I seriously mean it when I say that I don't ever want to wake up from this wonderful dream.
Oh, hey, it's raining outside. I love the way the rain smells when it's warm outside.
That reminds me: one day this week, when I got home from work, Anne and I watched this huge thunderstorm blow up from way out east, and eventually over our house. It was probably 85 degrees when it passed over us, so while we watched the gutters on our street swell with a miniature flash flood, I grabbed Anne's hand and said, "Let's go run out in the rain!"
Some of you may remember a story I first posted on my blog a thousand years ago, about dancing in the rain with Anne; it made it into Dancing Barefoot as We Close Our Eyes. It's a tiny story that's really just a love letter to my wife, but it remains one of my favorite things I've ever written. Strangely, since that happened back in 2001 or 2002, we haven't intentionally run out into the rain, so this was especially lovely.
The afternoon sun was low in the sky, and the trees on our street broke it up into golden shafts of light that turned the sudden downpour into a glittering cascade of tiny jewels. We kicked off our shoes and skipped across our lawn like children (or a middle-aged couple deeply in love with each other). When we got to the street, it was still hot under our feet, and the cold raindrops were creating little clouds of steam that sat around ankle level. I brushed my hair back off my face, and looked up into the sky, with my arms out and my palms turned up.
"Remember when we danced in the rain in Santa Barbara?" Anne said.
"Yeah," I said, "that was awesome."
"I liked that a lot," she said.
I turned to look at her, and remembered how much I loved her at that moment, so many years ago, and wasn't surprised in the least to discover that I love her even more, now.
I kissed her face. "I love you so much," I said.
"I love you too.
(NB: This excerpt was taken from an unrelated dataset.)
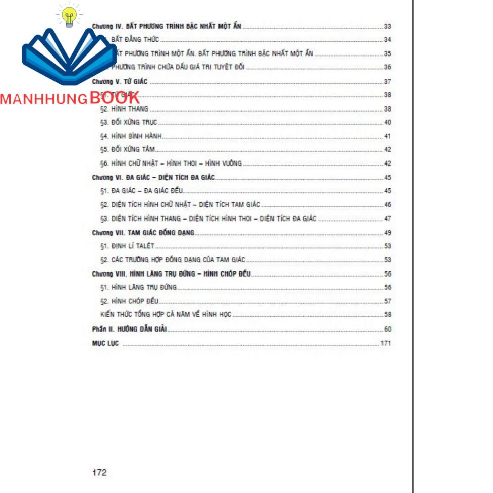 Công ty Học Liệu Sư Phạm giới thiệu: Giới thiệu sách: Nội dung gồm có: Tập 1 Chương I. Số hữu tỉ Chương II. Số thực Chương III. Góc và các đường thẳng song song

I love that we're walking in the rain!"
I took her hand in mine again, and we walked up our block and back. We were soaked through to the skin when we got home.
Last night, we went on a date to an arcade (I know, right?) where we played the hell out of Centipede. I'm not sure exactly why (some may say my reflexes were affected by a Guinness) but Anne destroyed me on our first two games, and got a high score. For her initials, she put in ASS, laughing hysterically the entire time.
"I really love that we still do stupid stuff like this, even though we're all old and shit," I said.
"Yeah, we're totally twelve," she said. "Play again? Or are you too chicken?"
"Nobody calls me chicken!" I declared, and started another game. This one, I focused, did my best, and not only did I win the game, I got an even higher high score ... so of course, I put in SEX as my initials. We made a stupid cellphone video of the moment, because it was important to preserve that for posterity.
When we got home, I played Xbox with Nolan, and fell asleep a little after midnight, happily exhausted from a wonderful week doing things I love with people I love.
This is a very, very good life, and I'm grateful for it.